== TASK BRIEF ==
Going line by line through the records below, write out everything starting with the line containing "Строим кварталы для" and going on through the line containing "1 Set Men's", exactly and inclusively. Pictures do not go in.

== INFORMATION GIVEN ==
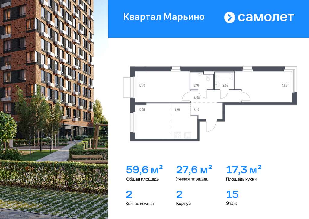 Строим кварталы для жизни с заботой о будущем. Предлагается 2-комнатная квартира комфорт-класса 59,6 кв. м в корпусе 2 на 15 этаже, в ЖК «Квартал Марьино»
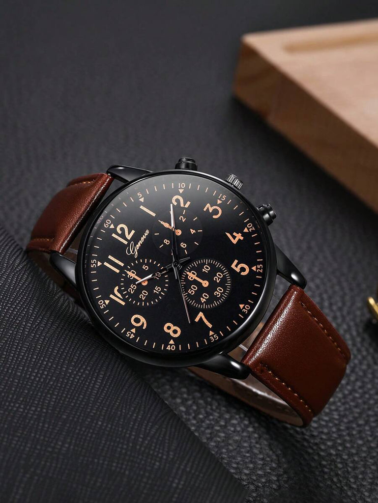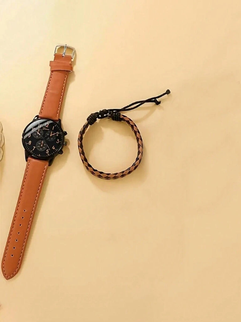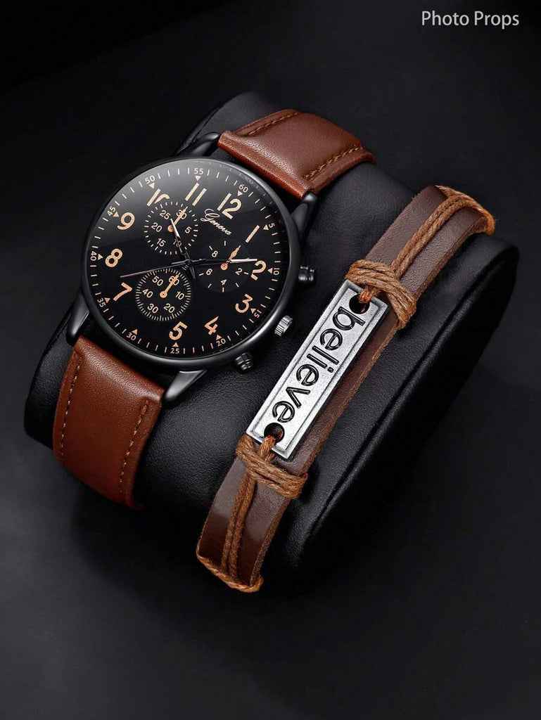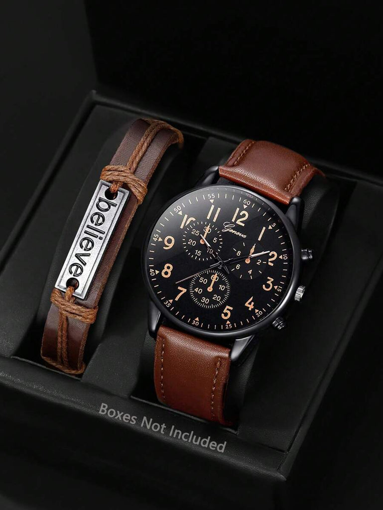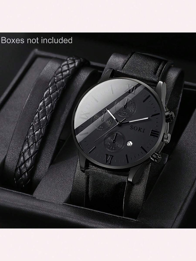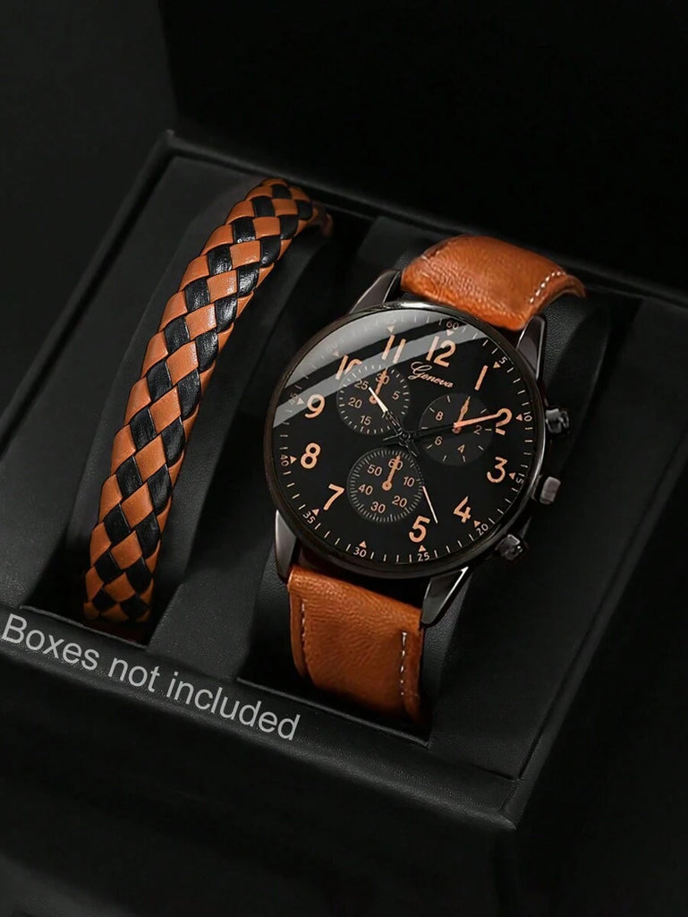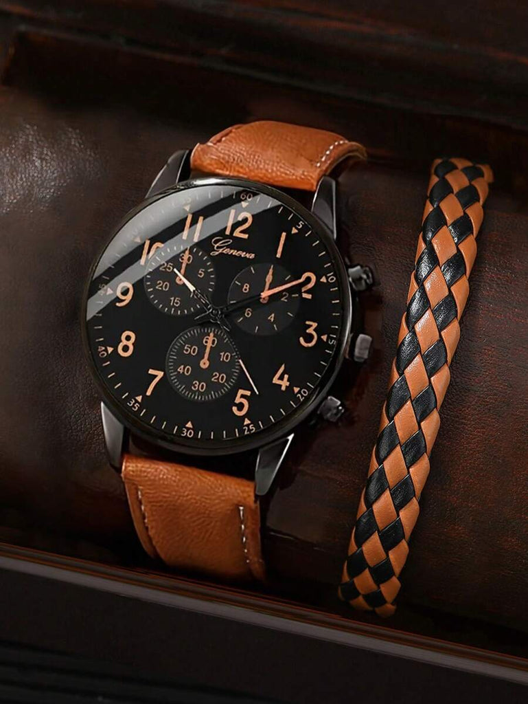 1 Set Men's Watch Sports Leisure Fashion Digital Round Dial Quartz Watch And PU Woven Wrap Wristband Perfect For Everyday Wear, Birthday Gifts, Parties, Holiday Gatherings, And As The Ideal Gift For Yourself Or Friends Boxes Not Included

--

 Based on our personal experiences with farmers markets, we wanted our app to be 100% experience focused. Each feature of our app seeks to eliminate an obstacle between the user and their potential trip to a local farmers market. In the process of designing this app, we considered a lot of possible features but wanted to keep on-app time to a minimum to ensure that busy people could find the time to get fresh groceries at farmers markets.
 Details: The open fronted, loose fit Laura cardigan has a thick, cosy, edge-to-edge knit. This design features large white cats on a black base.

--

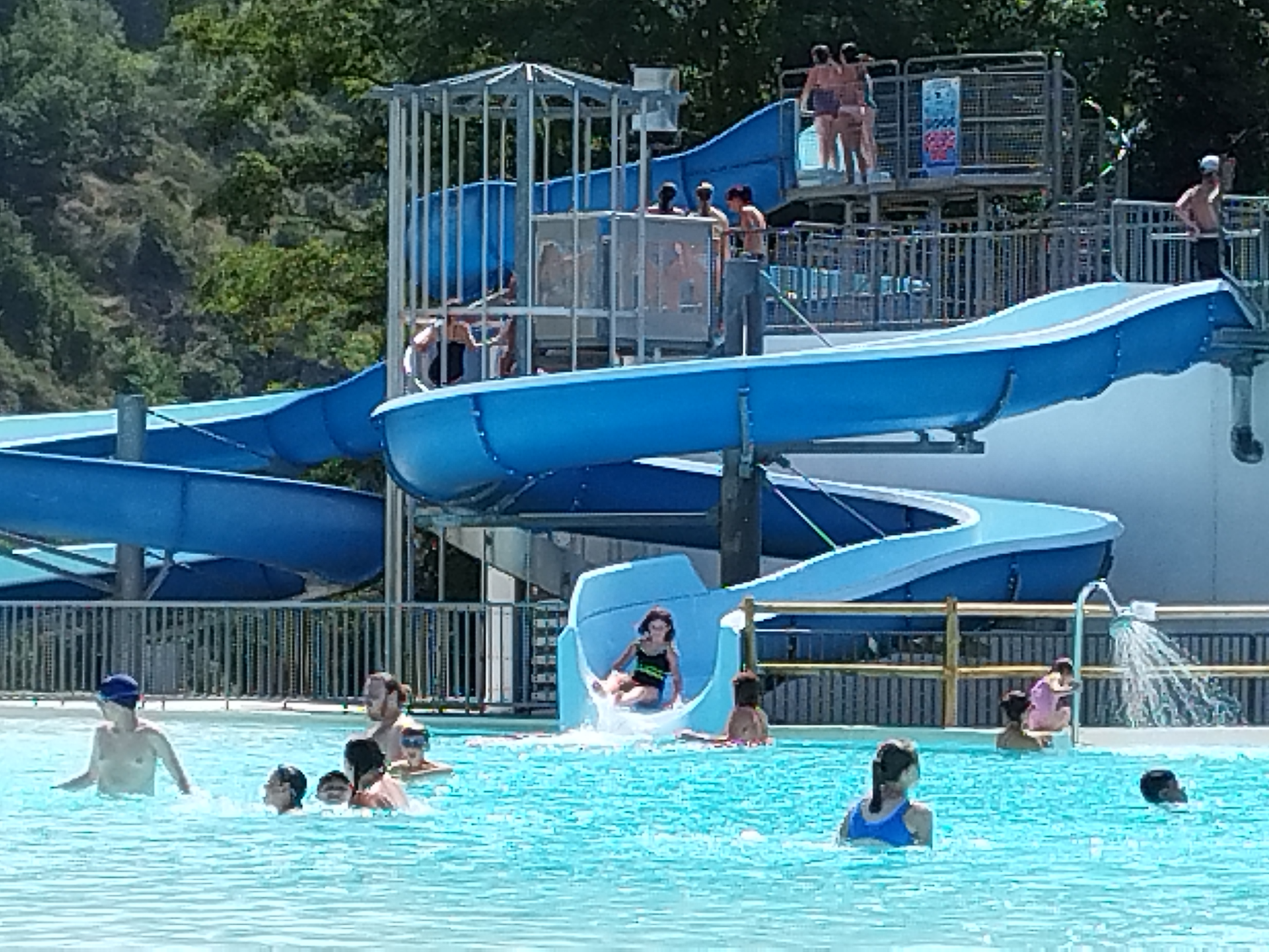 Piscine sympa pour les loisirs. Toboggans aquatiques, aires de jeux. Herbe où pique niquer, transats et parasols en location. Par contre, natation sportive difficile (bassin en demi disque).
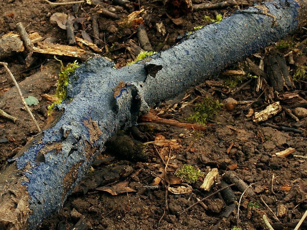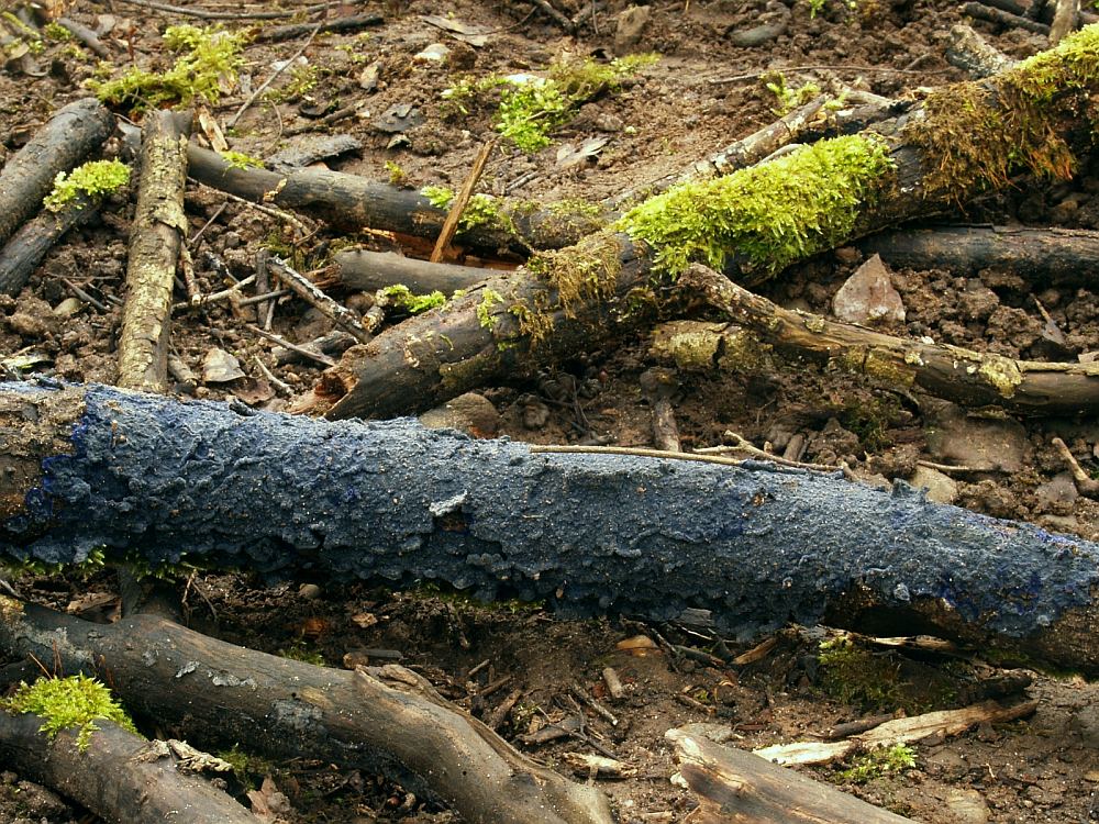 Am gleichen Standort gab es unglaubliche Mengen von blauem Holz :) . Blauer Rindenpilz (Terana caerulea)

== OUTPUT FOR THIS EXERCISE ==
 Строим кварталы для жизни с заботой о будущем. Предлагается 2-комнатная квартира комфорт-класса 59,6 кв. м в корпусе 2 на 15 этаже, в ЖК «Квартал Марьино»
 1 Set Men's Watch Sports Leisure Fashion Digital Round Dial Quartz Watch And PU Woven Wrap Wristband Perfect For Everyday Wear, Birthday Gifts, Parties, Holiday Gatherings, And As The Ideal Gift For Yourself Or Friends Boxes Not Included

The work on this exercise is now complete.